This repo is a minimalist implementation of a Mini-BERT for Text Classification. As pretrained models are getting bigger and bigger, it is important to allow young researchers without many resources to try and experiment new architectures.
This repo is based on Minimalist Implementation of a BERT Sentence Classifier which is founded on the following libraries:
The datasets were originally downloaded from Assignment 1 of the course Neural Networks for NLP.
This project uses Python 3
Create a virtual env with (outside the project folder):
virtualenv -p python3 minibert-env
source minibert-env/bin/activate
Install the requirements (inside the project folder):
pip install -r requirements.txt
python training.py
Available commands:
Training arguments:
optional arguments:
--seed Training seed.
--distributed_backend Supports three options: dp
--use_16bit If true uses 16 bit precision
--batch_size Batch size to be used.
--accumulate_grad_batches Accumulated gradients runs K small batches of \
size N before doing a backwards pass.
--log_gpu_memory Uses the output of nvidia-smi to log GPU usage. \
Might slow performance.
--val_percent_check If you dont want to use the entire dev set, set \
how much of the dev set you want to use with this flag.
Early Stopping/Checkpoint arguments:
optional arguments:
--metric_mode If we want to min/max the monitored quantity.

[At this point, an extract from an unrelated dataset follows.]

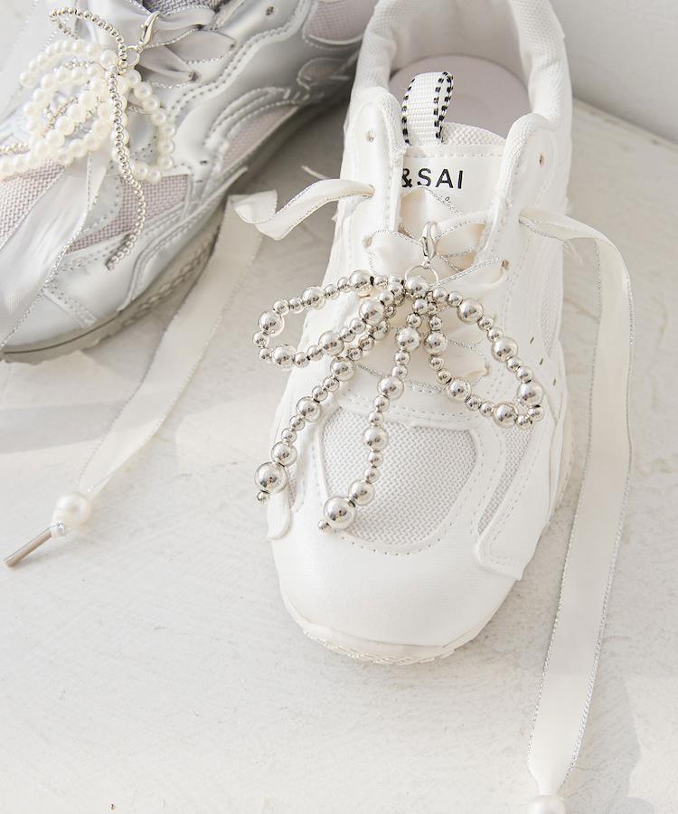 【ディティール】光沢感のあるサテンのリボンシューレースと丸みのあるシルエットが魅力!リボンシューレースの先端にはパールが付属しており取り外し可能◎スニーカーっぽさとフェミニンさを兼ね備えた絶妙なデザインが可愛いポイント。軽量で足にフィットし歩きやすさも抜群。長時間歩いても疲れにくくデイリーシーンにもピッタリな1足です。

--min_epochs Limits training to a minimum number of epochs
--max_epochs Limits training to a max number number of epochs
--save_top_k The best k models according to the quantity \
monitored will be saved.
Model arguments:
optional arguments:
--encoder_learning_rate Encoder specific learning rate.
--learning_rate Classification head learning rate.
--class_weights Weights for each of the classes we want to tag.
--warmup_steps Scheduler warmup steps.
--dropout Dropout to be applied to the BERT embeddings.
--train_csv Path to the file containing the train data.
--dev_csv Path to the file containing the dev data.
--test_csv Path to the file containing the test data.
--loader_workers How many subprocesses to use for data loading.
--label_set Set of labels we want to use in our classification task (e.g: 'pos,neg')
Training command example:
python training.py \
--gpus 1 \
--distributed_backend dp \
--batch_size 6 \
--accumulate_grad_batches 2 \
--loader_workers 4 \
--nr_frozen_epochs 1
Testing the model on shell:
python interact.py --experiment experiments/lightning_logs/version_{date}
Launch tensorboard with:
tensorboard --logdir="experiments/lightning_logs/"
To make sure all the code follows the same style we use Black.